A variety of genres is represented in the corpus. There is a lengthy, ornate traditional ceremonial speech, and some recordings from over 40 years ago of a very few young children just acquiring the language. Slightly more than half of the material consists of interactive conversation, involving anywhere from two to ten speakers. Language has always played an important role in Mohawk culture: Mohawks enjoy and appreciate their language; they admire and cultivate linguistic virtuosity in all areas from formal oratory through well-told stories to snappy repartee. Gatherings are typically full of laughter and rapid-fire interaction, which can add to the challenges of transcription, but also to the value of the record.

The transcription is in the community orthography, which was devised over the past several decades at the request of community members. The system has a historical basis in writings of French-speaking missionaries who first arrived in the region in the seventeenth century, but it has been updated to represent all of the distinctions inherent in the language, including tone. While the same system is used for all of the dialects, each is transcribed as spoken. It can be written using a basic European keyboard, with grave and acute accents for tone, and apostrophe for glottal stop. Transcriptions and translations are entered into ELAN software, which produces transcripts searchable by sequences of characters in both the Mohawk and the English translations, as well as time stamps and the duration of prosodic units and pauses. A separate set of tiers is set up within ELAN for each speaker in a conversation, allowing display of overlaps.

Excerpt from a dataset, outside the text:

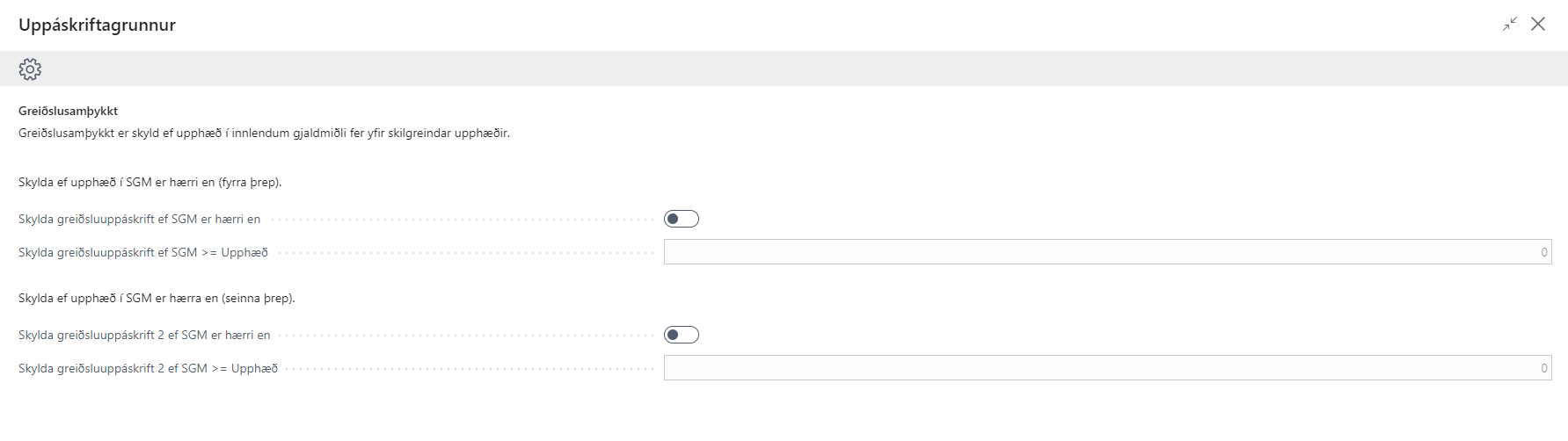 Ef valið er að greiðsluuppáskrift þá koma fleiri möguleikar sem þarf/er hægt að velja fyrir greiðslusamþykkt.

2.2. The purpose in building the corpus

This corpus was constructed to create a record of the language as spoken by skilled, first-language speakers while this is still possible, both as a reference for future generations and as a basis for an extensive descriptive grammar. The language is much more than a list of distinctive sounds, morphological templates for verbs and nouns, and some schemata for basic syntactic constructions. It is what speakers choose to say and how they choose to say it. In the case of Mohawk, this can be quite different from French and English counterparts. Traditional ways of interacting, of packaging thoughts into concepts and linking them together, can be highly susceptible to language contact effects. Even when a language is still spoken fluently and grammatically by first-language speakers, these more subtle differences can erode without notice. This is of course not necessarily bad, but the Mohawk communities care deeply about a record of their traditions. Fortunately, speakers with traditional skills were able to contribute to the corpus. This has made it possible to build the descriptive grammar from spontaneous speech, usually interactive in context, each point illustrated with one or more examples from each community. Each example is accompanied by an identification of the speaker and community, a choice made by each speaker.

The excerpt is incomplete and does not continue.